Progress is real but uneven. Official data show that in 2023 about a third of electricity generated in Wales came from renewables, equivalent to roughly 53% of national electricity consumption when losses are included. Installed renewable capacity inched up, but growth has slowed compared with earlier years.

Infrastructure bodies warn the pace must quicken. The National Infrastructure Commission for Wales notes just 109 MW of new renewable electricity capacity was added in 2023-far below the 2015 peak-and estimates electricity demand could double by 2035, implying generation from renewables must nearly quadruple to hit targets.

There is a route to accelerate. The Crown Estate’s Round 5 awards in the Celtic Sea handed seabed leases to Equinor and Gwynt Glas (EDF Renewables UK/ESB), each planning 1.5 GW of floating wind, with supply-chain studies pointing to more than 5,000 jobs across the region if projects move at speed. First power is expected in the early-to-mid 2030s, so investment and permitting decisions taken now will decide whether Wales captures the benefits.

Party positions matter. Analysis by the Institute of Welsh Affairs highlights that Plaid Cymru backs bringing Wales’s net zero target forward to 2035 and wants energy and Crown Estate powers devolved, while Reform UK argues for scrapping net zero mandates. Plaid’s own programme emphasises a Welsh Green Deal, community energy, and large-scale retrofit to cut bills and emissions.

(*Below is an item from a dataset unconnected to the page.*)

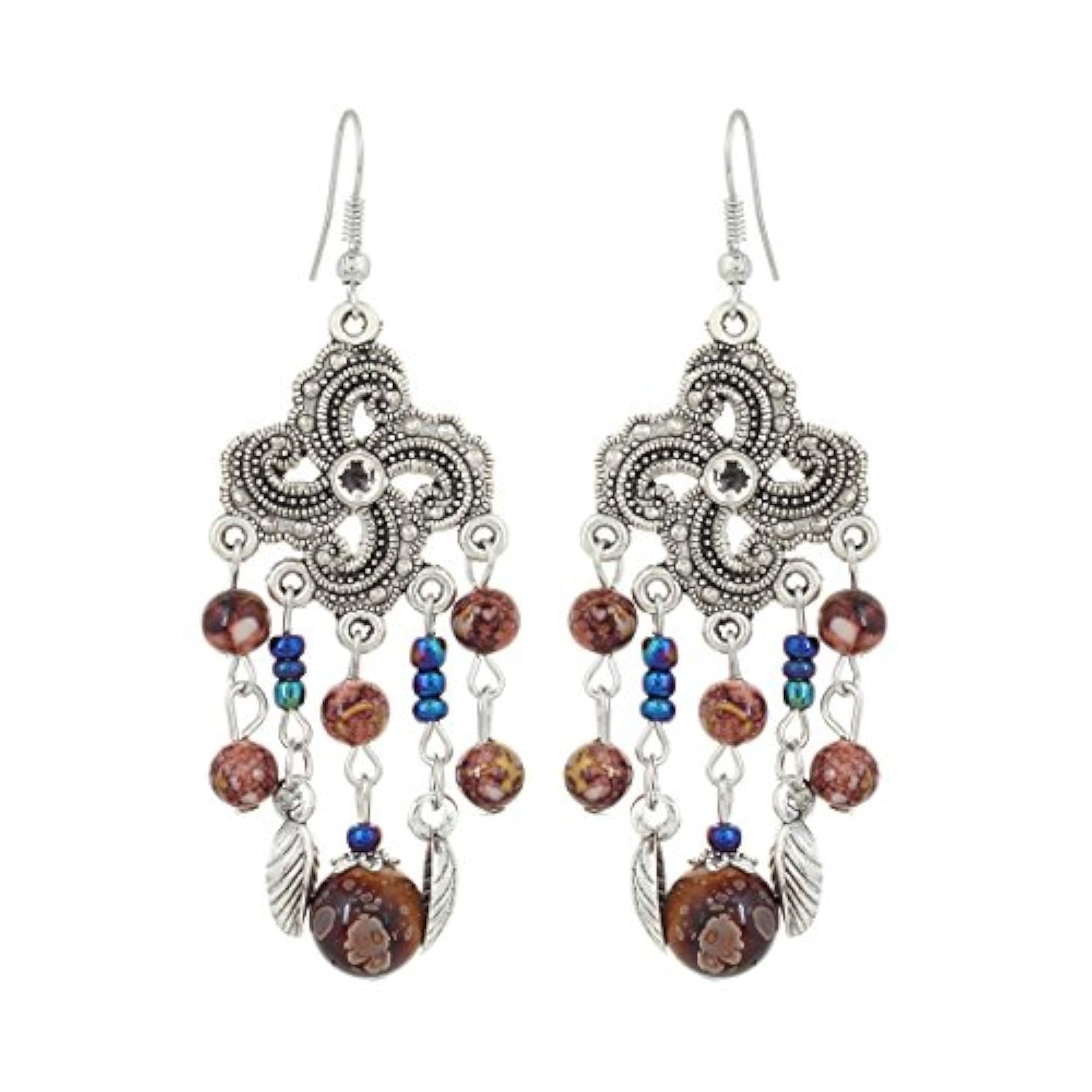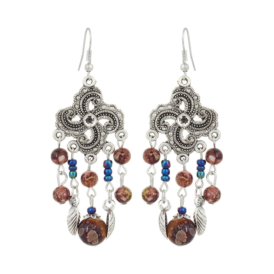 Elegant and stylish bohemian earrings with an oxidised silver finish for a traditional touch.

With the 2026 Senedd election switching to a 96‑member, fully proportional closed‑list system, coalition politics is likely. That raises the odds that climate policy will be shaped at the negotiating table. For campaigners, councils and employers in south Wales, the next six months are an opening to line up retrofit bids, skills programmes, and port upgrades that make clean industry and cheaper energy tangible on the ground.

Back in Caerphilly, the arithmetic tells its own story: Plaid’s 15,961 votes topped Reform’s 12,113, with Labour on 3,713. Smaller parties were left in the low hundreds. A high‑engagement contest produced a clear call for change; what happens next will be measured in heat pumps fitted, buses electrified, and offshore turbines built-not just votes tallied.